This study used several public data sets. Daily streamflow for each watershed was obtained from the USGS National Water Information System (http://waterdata.usgs.gov/nwis) for hydrologic years 1955–2017. In all watersheds, 95%–99% of reported daily streamflow values were classified as “observed” and “approved” by USGS, meaning suitable for publication. Daily values were processed to monthly and annual streamflow (Q) using a modified hydrologic year appropriate to the bimodal precipitation of the region (November 1–October 31). The hydrologic year was further divided into winter (November–June) and summer (July–October). Streamflow values were normalized by catchment area (i.e., specific streamflow) and expressed as a depth of water (mm) for consistency with precipitation. Some hydrologic change detection studies rely uniquely on reference gauges, identified by USGS as a subset of watersheds with the lowest human impacts in each region. Here, inclusion of all available subwatersheds supported the evaluation of the impacts of varying climate, vegetation, and spatial scales of watersheds on post fire streamflow (H1). Fortunately, human impacts are very low in all watersheds studied here (Robles et al., 2017) and consist of small irrigation withdrawals (Table S5 in Supporting Information S1) and two gauged diversions described in the Annual Water Data Report (http://wdr.water.usgs.gov). Daily gauge records were used to correct a diversion from the Black River (Figure S12 in Supporting Information S1; USGS Gauge 9,445,000) and a diversion into Carrizo Creek (USGS Gauge 949,500). For a detailed evaluation of human impacts on the study watersheds, please see the Supporting Information for Data Section 3.1 Streamflow Data: Potential Impacts of Human Water Use.

3.2 Climate Data

We evaluated three potential sources of information for water inputs. First, spatially averaged monthly precipitation (P) was calculated from the PRISM gridded data set (www.prismclimate.org) at 4-km resolution. Second, we obtained monthly P from SNOTEL stations in the study area with continuous records beginning in 1981 or earlier (http://www.wcc.nrcs.usda.gov/snow). Third, peak SWE at each SNOTEL was evaluated as a predictor of streamflow, because winter flows dominate annual streamflow in the Salt River Basin (>75%), and because peak SWE is the water available for snowmelt after sublimation losses. We evaluated SNOTEL-based P and peak SWE assigned to each watershed using (a) the SNOTEL station nearest to the catchment centroid and (b) a mean value based on the three nearest SNOTEL sites.

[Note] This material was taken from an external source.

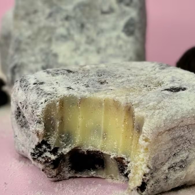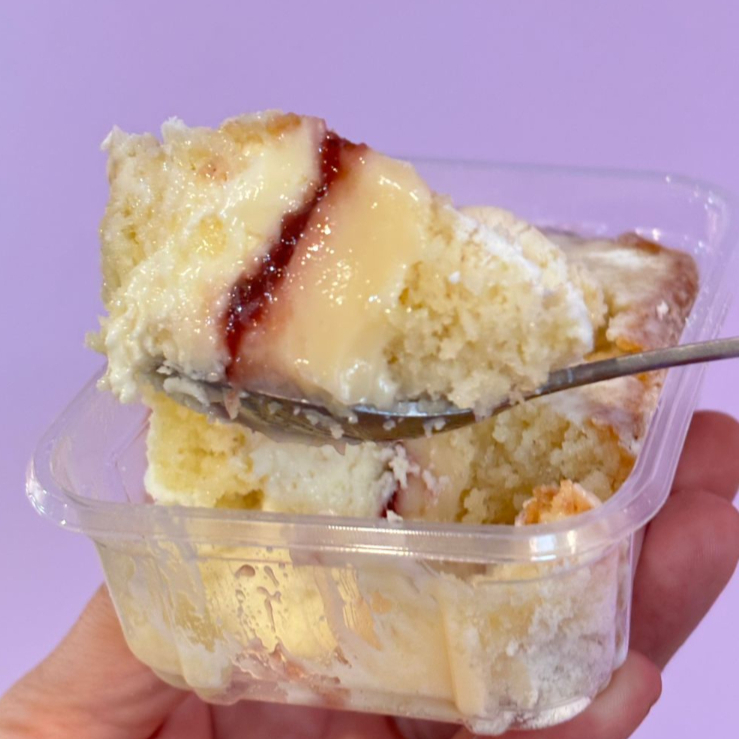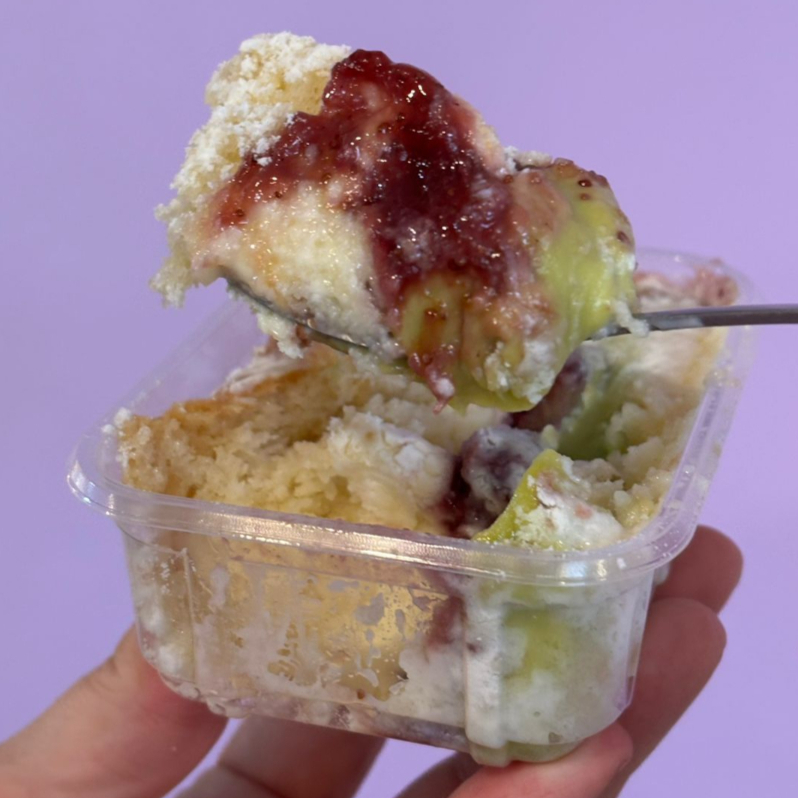 Massa branca molhadinha, recheado com gelado Ninho, brigadeiro de pistache e geleia artesanal de morango, envolto em leite Ninho.

For the period 1981–2017 during which all three data sources were available, we found that PRISM P was the best overall predictor of seasonal and annual streamflow (correlation with annual streamflow r = 0.82), and PRISM P was therefore used for analyses. For air temperature (T), PRISM and SNOTEL records are known to have artificial trends most likely related to sensor changes. We used TopoWx data with minimum and maximum air temperature averaged for each day, then aggregated monthly.

3.3 Wildfire Data

The Rodeo-Chediski and Wallow fires represent overwhelming step changes in the known fire history of the Salt River Basin (Figure 3). Although numerous small fires have been recorded in the basin's history dating back to 1916, wildfire impacted an average of 0%–1% of the basin annually before the 1990s (Robles et al., 2017). Perimeters of 128 wildfires were obtained from the Monitoring Trends in Burn Severity (MTBS) data website (https://www.mtbs.gov/) for 1984–2016 and from the Geospatial Multi-Agency Coordination data website (https://www.geomac.gov/) for 2017. These were used to calculate fire-impacted (i.e., burned) area. We quantified high-severity burned area using a relativized differenced normalized burn ratio (RdNBR) threshold of 643, corresponding to the midpoint between moderate and high severity classes in a study of 1197 Southwest Composite Burn Index (CBI) field plots (Singleton et al., 2019). In the case where fire perimeters from different years overlapped, we only accounted for the area burned in the first fire year to avoid double counting. This “double burn” issue was minimal due to dominance of the Rodeo-Chediski and Wallow Fires.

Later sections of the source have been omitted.